A plain string anywhere in assertions is shorthand for { "type": "llm", "text": <string> }:

"assertions": [
  "The commit message follows Conventional Commits.",
  { "type": "file_exists", "path": "CHANGELOG.md" }
]

expectations

expectations is a top-level array of statements, each expanded into an llm assertion and graded before the authored assertions, in authored order. Reports tag these with source: "expectation" so they're distinguishable from inline assertions.

{
    "id": "focused-tests",
    "prompt": "Add tests for the new validator and explain your choices.",
    "expectations": [
        "The summary explains why each test case was chosen.",
        "No production code under src/ was modified."
    ],
    "assertions": [{ "type": "file_exists", "path": "tests/test_validator.py" }]
}

expected_output is related but different: it's the author's prose description of success.
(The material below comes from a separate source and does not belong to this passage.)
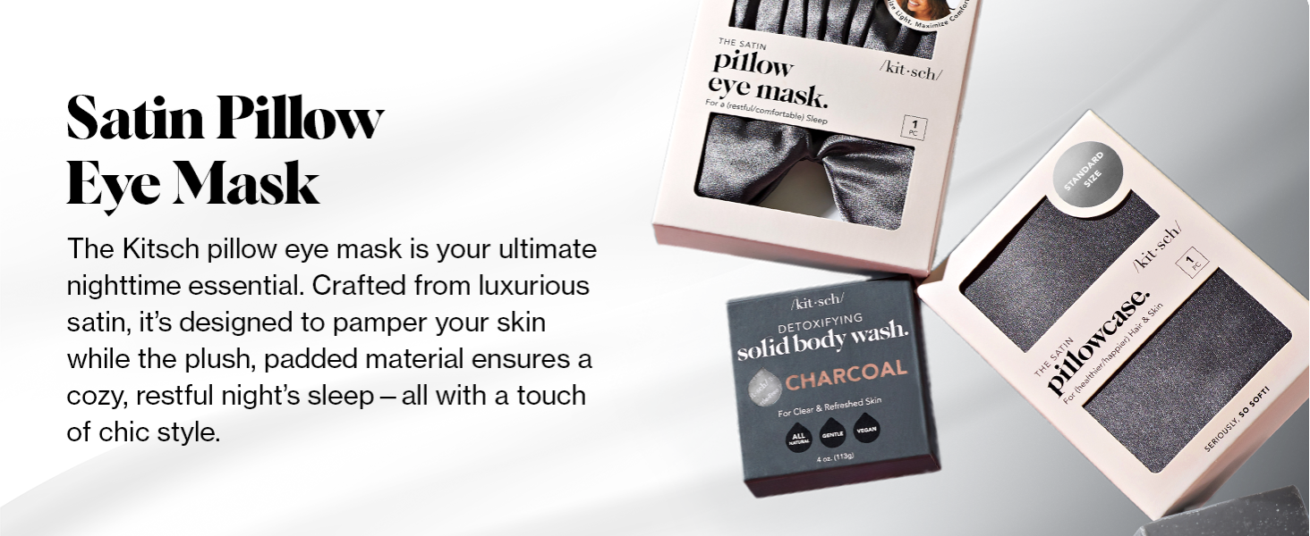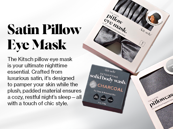 ELEVATE YOUR BEAUTY REST: Upgrade your nighttime routine with the Kitsch Charcoal Satin Eye Mask. Crafted with ultra-soft satin, this luxurious softer than Slik Sleep Mask ensures ultimate comfort while protecting your skin. It's a must-have accessory for beauty and relaxation.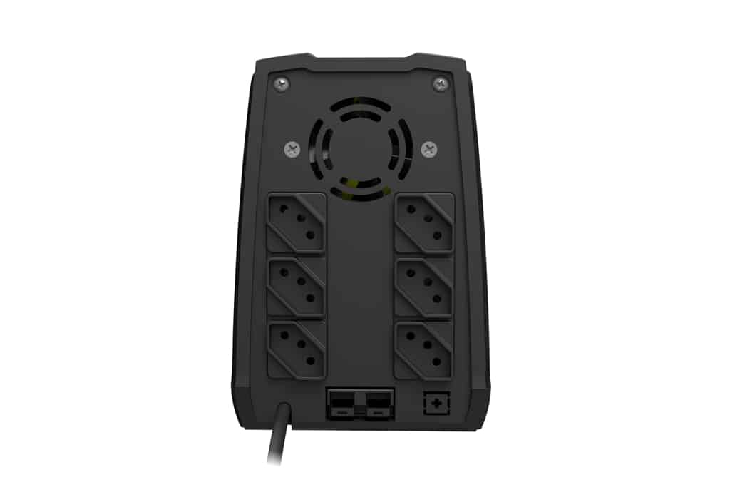 Oferece ainda 6 tomadas tripolares de 10A. Microcomputadores, sistemas de CFTV, equipamentos eletrônicos e de telecomunicações podem ser protegidos e alimentados pelos Nobreaks desta linha.

The judge sees it as context, but it is never graded as its own assertion — so migrating a suite that only has expected_output keeps its pass rate.

A combined example

A single eval typically mixes families: deterministic checks pin the concrete artifacts, and one judge assertion covers the part only prose can describe.

{
    "id": "parametrize",
    "prompt": "Write parametrized tests for parse in src/myapp/kv.py, including the error paths, in tests/test_kv.py.",
    "allowed_tools": "Read Write Edit Glob Grep Skill Bash(uv *) Bash(pytest *) Bash(python3 *)",
    "files": ["files/src/myapp/kv.py"],
    "expectations": ["The agent explains which error paths it parametrized and why."],
    "assertions": [
        { "type": "file_exists", "path": "tests/test_kv.py" },
        {
            "type": "regex",
            "path": "tests/test_kv.py",
            "pattern": "pytest\\.mark\\.parametrize"
        },
        {
            "type": "regex",
            "path": "tests/test_kv.py",
            "pattern": "pytest\\.raises"
        },
        {
            "type": "not_regex",
            "path": "tests/test_kv.py",
            "pattern": "unittest|TestCase"
        },
        {
            "type": "command",
            "run": "python3 -m py_compile tests/test_kv.py",
            "requires": "python3"
        }
    ]
}

For the case around these assertions — the prompt, input files/fixtures, and the per-case run controls — see Behavioral evals. Every field above is validated by the evals JSON Schema; point your editor at it via a "$schema" key for completion and inline errors.